Update: If you would just listen to the facts…

Janet Raloff, a friend of mine and a senior editor at Science News, has weighed in on the topic of how scientists can communicate effectively with the public on divisive issues such as climate change. In her May 29 online article, Climate skepticism not rooted in science illiteracy, she reports on an interview with Dan Kahan of Yale Law School, one of the authors of the Nature Climate Change article I cited in my previous posting. Raloff explores several approaches to interacting with a polarized public in her May 30 follow-up article, Depolarizing climate science.

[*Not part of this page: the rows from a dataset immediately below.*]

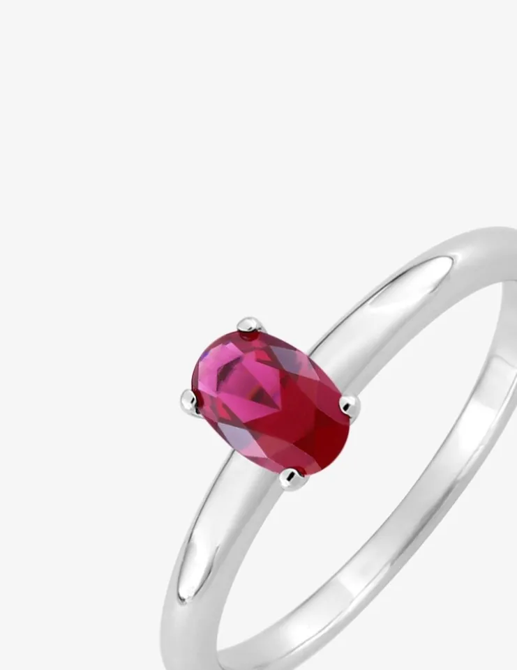 Apportez une touche de couleur à votre look avec cette bague solitaire en argent 925‰ rhodié. Elle est sertie d’un oxyde de zirconium rouge de 6 mm par 4 mm.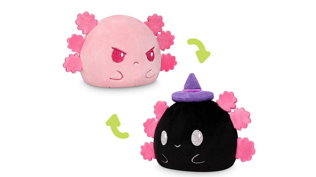Dostanou děti trik nebo dárek, když otevřou toto překvapení plyšáka? Každá krabice obsahuje 3palcového oboustranného plyšáka, který po otočení odhalí děsivou bytost. Můžete nasbírat šest různých plyšáků, včetně axolotla, netopýra, kočky, pandy, dýňové hlavy a pavouka.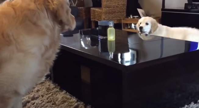These two Golden Retrievers are having fun chasing each other round and round the coffee table.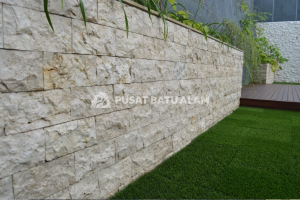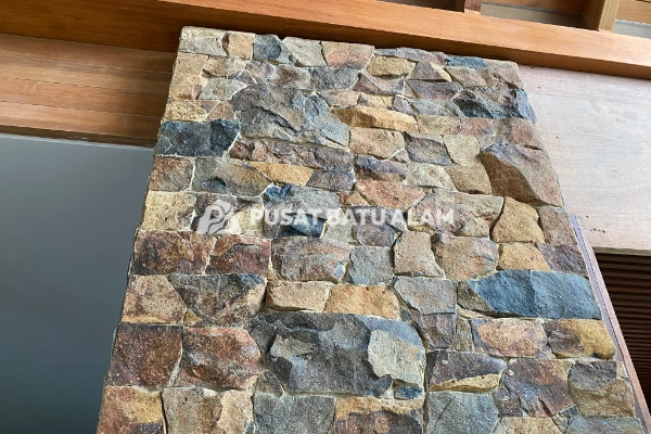 Tekstur kasar dan bentuk acak artistik. Pilihan tepat untuk pondasi taman atau dinding gaya rustik.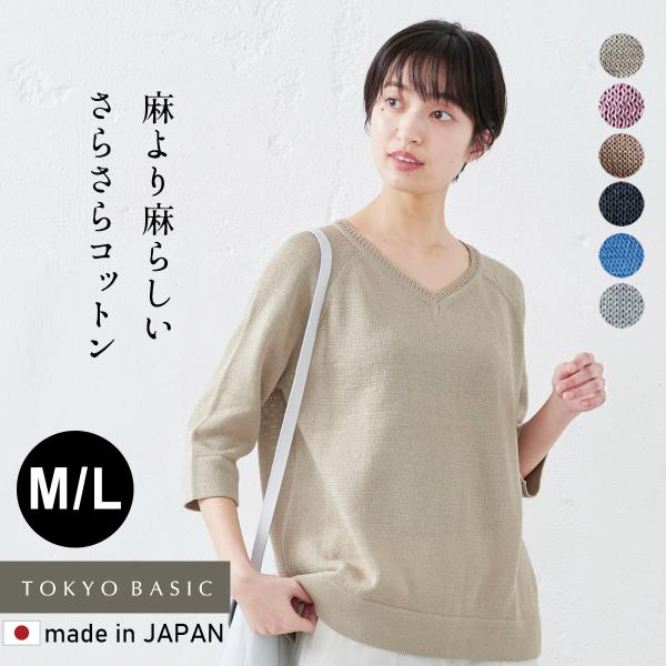 M・Lサイズ サマーニット レディース vネック ギマコットン100% Vネック プルオーバー 日本製 レディース 40代 50代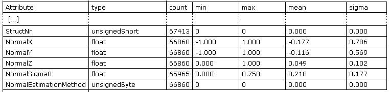 will show the newly added attributes (c.f. Figure 2). The statistics also reflect the number of successful computated plane estimations (For NormalSigma0 even less values have been set, since redundancy is required for its computation).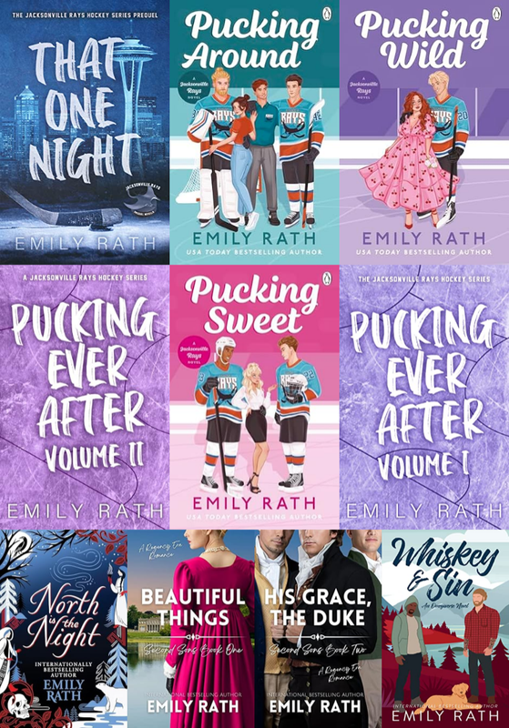 Emily Rath is a USA Today and international bestselling author whose chart-topping, sex-positive, queer-inclusive fantasy and romance novels include the Second Sons Regency romances, the Tuonela Duet fantasy novels, and the ‘why choose’ Jacksonville Rays Hockey Romances. A former university professor, she holds PhDs in Political Science and Peace Studies. Emily lives with her husband, son, and cat in Florida. They regularly comb the local beaches looking for shark teeth.

What comes through most strongly in these articles is that divisions occur when scientific findings have a direct relevance to things that affect us every day, or findings that could make significant changes in our everyday lives. As far as I know, The Heartland Institute has not posted any billboards comparing people who believe in black holes or the law of gravity with Unabomber Ted Kaczynski. We accept these things because we can do so without making any changes in our daily routines.

Raloff cites political scientist Arthur Lupia of the University of Michigan in Ann Arbor, who states that some of the most science-literate critics will listen to experts only to generate compelling counterarguments. What’s stopping climate scientists from doing the same thing — listening to the most rational, articulate deniers and opponents of climate change legislation in order to scope out what matters most to climate change deniers and formulating compelling counterarguments of their own?

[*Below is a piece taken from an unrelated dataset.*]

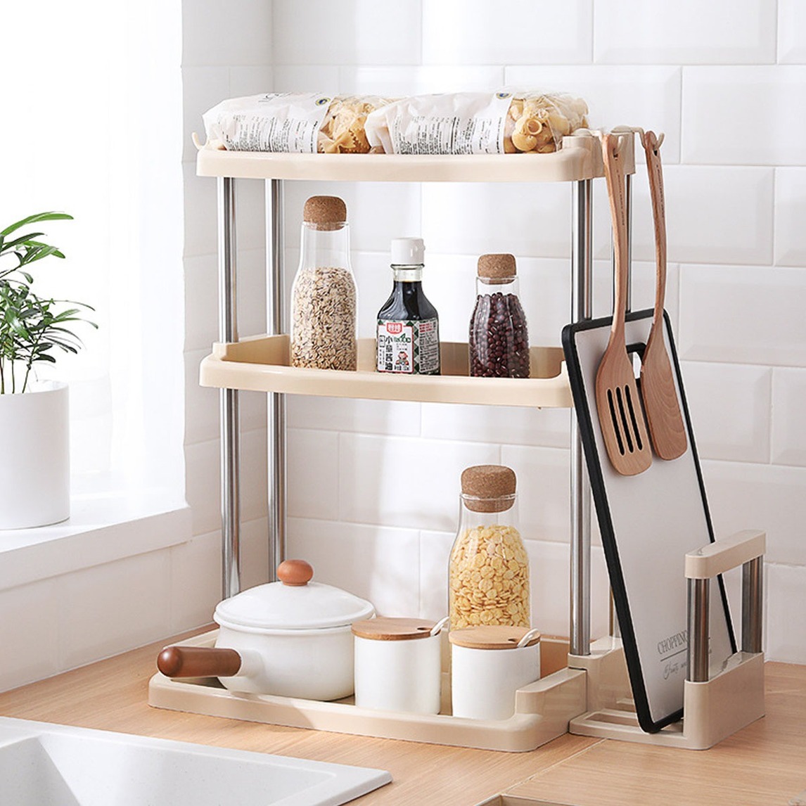 烹饪工具的收纳多分布在两个地方,一个是放在置物架上,一个是收进抽屉里。类似于炒菜刀铲、刀具等小件厨具不适合摆放,针对这些特殊的餐具,可以通过置物架挂在上面,用的时候伸手可得。

Disruptive innovation is another possible approach — one that sidesteps the battleground altogether by providing people with alternatives that they adopt readily because they see a clear benefit to the new technologies. After all, no one waged a political war against paper phone books, wristwatches, or the Sony Walkman, and yet those things have almost completely fallen out of use by Americans under the age of 30, in favor of smartphones, smartphones, and smartphones. The main problem with this approach is that disruptive innovations are notoriously unpredictable. We cannot guarantee the timely arrival and widespread adoption of any particular form of alternative energy or resource-conserving capabilities.

So for now, we are stuck with learning to talk to each other. Which is something that we needed to do anyway.

This posting first appeared on June 8, 2012 in Nancy McGuire's science blog, Word Chemist.